WORK ITEM >> Word for word, print out all of the data, omitting every image.

Items from a data source:
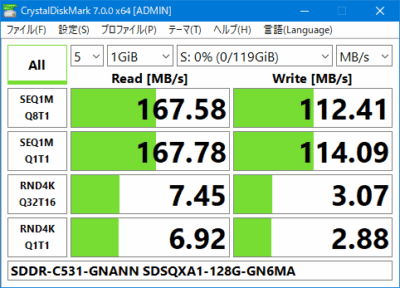 SDカード変換アダプタを使用してSDカードソケットに挿した場合と、そのままmicroSDカードソケットに挿した場合で性能に違いはありませんでした。
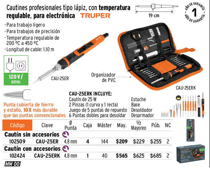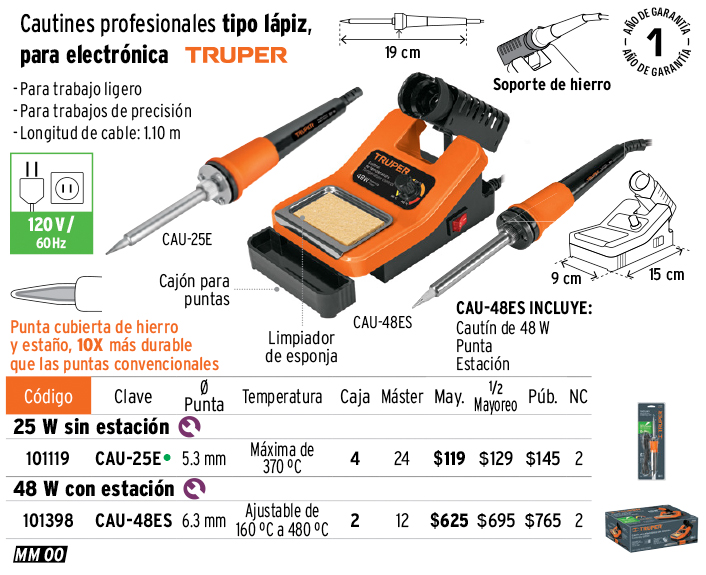Cautines tipo pistola, tipo lápiz y para electrónica
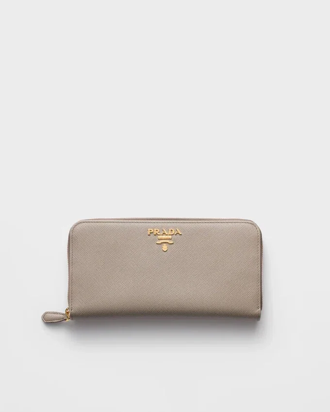 This Zipper Wallet is Made of Saffiano, an Iconic Prada Material: Calf Leather of the Highest Quality, Defined by a Crosshatch Texture and a Waxed Finish. The Lettering Logo Decorates the Accessory.
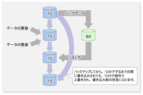 最新のバックアップボリューム採取時点と、リストア操作を行うまでの間に、業務ボリュームの内容を書き換えたとしても、書き換えられたデータは保証されません。
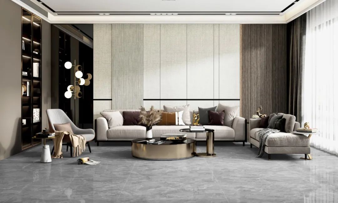 餐廳的設(shè)計(jì)在細(xì)節(jié)上精雕細(xì)琢,墻面采用一片到頂?shù)拇笠?guī)格瓷磚,仿若高山開(kāi)鑿的天然石,溫潤(rùn)的肌理經(jīng)大自然細(xì)膩的勾勒、描繪,如生命般律動(dòng)。每一處都倍顯溫暖與靈動(dòng)。搭配灰色餐桌,時(shí)尚且美觀,給人滿滿的溫馨感。

ANSWER SECTION >>
 SDカード変換アダプタを使用してSDカードソケットに挿した場合と、そのままmicroSDカードソケットに挿した場合で性能に違いはありませんでした。
Cautines tipo pistola, tipo lápiz y para electrónica
 This Zipper Wallet is Made of Saffiano, an Iconic Prada Material: Calf Leather of the Highest Quality, Defined by a Crosshatch Texture and a Waxed Finish. The Lettering Logo Decorates the Accessory.
 最新のバックアップボリューム採取時点と、リストア操作を行うまでの間に、業務ボリュームの内容を書き換えたとしても、書き換えられたデータは保証されません。
 餐廳的設(shè)計(jì)在細(xì)節(jié)上精雕細(xì)琢,墻面采用一片到頂?shù)拇笠?guī)格瓷磚,仿若高山開(kāi)鑿的天然石,溫潤(rùn)的肌理經(jīng)大自然細(xì)膩的勾勒、描繪,如生命般律動(dòng)。每一處都倍顯溫暖與靈動(dòng)。搭配灰色餐桌,時(shí)尚且美觀,給人滿滿的溫馨感。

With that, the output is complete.